## Exercise
Leaving out the images, return the data below exactly as it is written.

## Dataset excerpt
BEGIN
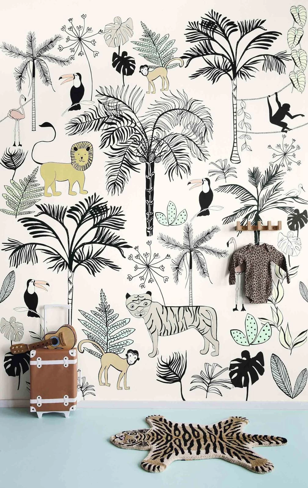 Die Kollektion Bambino XVIII von Rasch ist genau das Richtige für kleine Träumer! Lass sie in mitten von Dschungeltieren und Häschen herumtoben und gestalte die Wände des Kinderzimmers mit diesen warmherzigen und verspielten Tapeten. Die niedlichen Illustrationen der Fototapete 842173 mit ihren Dschungeltieren mit Löwen, Affen, Tiger und Flamingos in den Farben weiß und hellblau lassen Kinderherzen höherschlagen und sorgen für eine kuschelige Wohlfühl-Atmosphäre im Reich der Kleinen. In dem tierreichen Dschungel fühlen sich die Tiere sichtlich wohl. Mach dich auf ins Dschungelabenteuer und entdecke Tiger, Affen und Tukans. Dabei überzeugt die Fototapete nicht nur mit ihrem beeindruckenden Stil, sondern auch mit ihren Eigenschaften. Die Tapete ist waschbeständig, hat eine gute Lichtbeständigkeit und ist nass entfernbar.
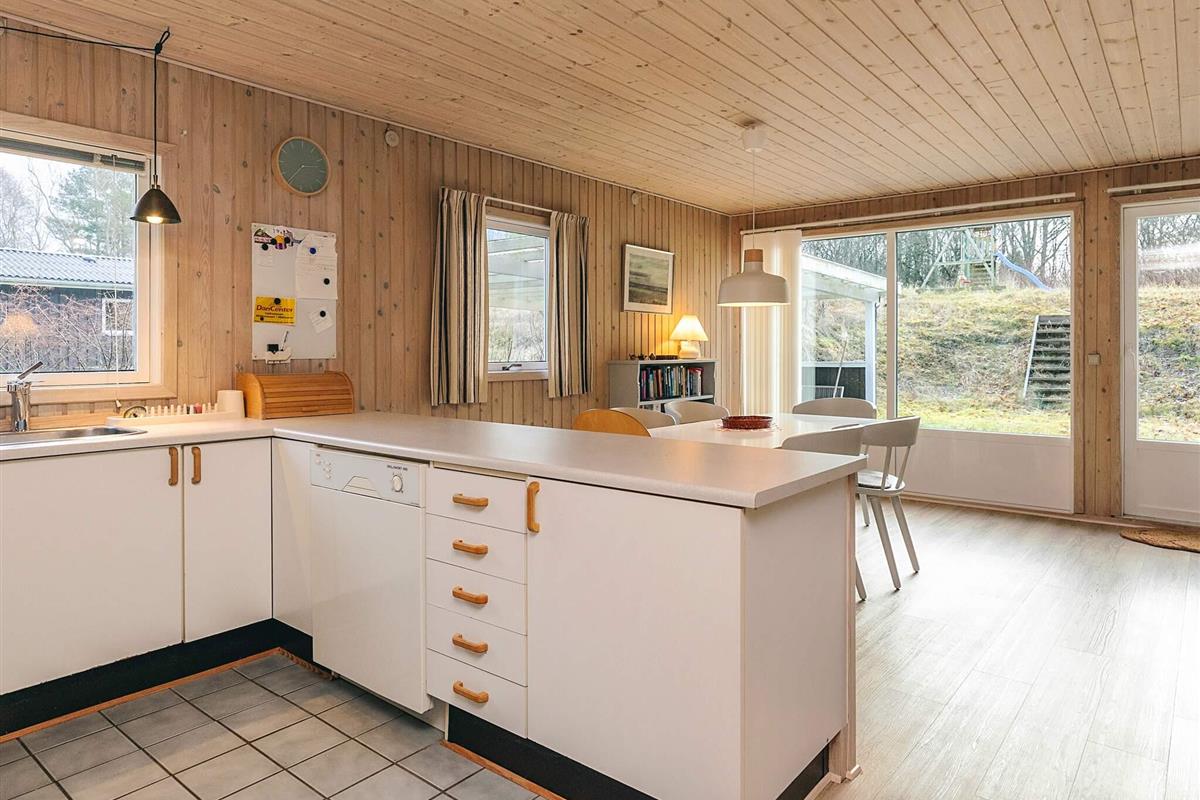Traditionelles Ferienhaus mit attraktiver, schön geschützter Lage auf einem 1.000 m2 großen Naturgrundstück nahe Kollerup Strand.
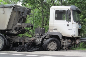 Személyautó ütközött kamionnal.
END
## Solution to the exercise
 Die Kollektion Bambino XVIII von Rasch ist genau das Richtige für kleine Träumer! Lass sie in mitten von Dschungeltieren und Häschen herumtoben und gestalte die Wände des Kinderzimmers mit diesen warmherzigen und verspielten Tapeten. Die niedlichen Illustrationen der Fototapete 842173 mit ihren Dschungeltieren mit Löwen, Affen, Tiger und Flamingos in den Farben weiß und hellblau lassen Kinderherzen höherschlagen und sorgen für eine kuschelige Wohlfühl-Atmosphäre im Reich der Kleinen. In dem tierreichen Dschungel fühlen sich die Tiere sichtlich wohl. Mach dich auf ins Dschungelabenteuer und entdecke Tiger, Affen und Tukans. Dabei überzeugt die Fototapete nicht nur mit ihrem beeindruckenden Stil, sondern auch mit ihren Eigenschaften. Die Tapete ist waschbeständig, hat eine gute Lichtbeständigkeit und ist nass entfernbar.
Traditionelles Ferienhaus mit attraktiver, schön geschützter Lage auf einem 1.000 m2 großen Naturgrundstück nahe Kollerup Strand.
 Személyautó ütközött kamionnal.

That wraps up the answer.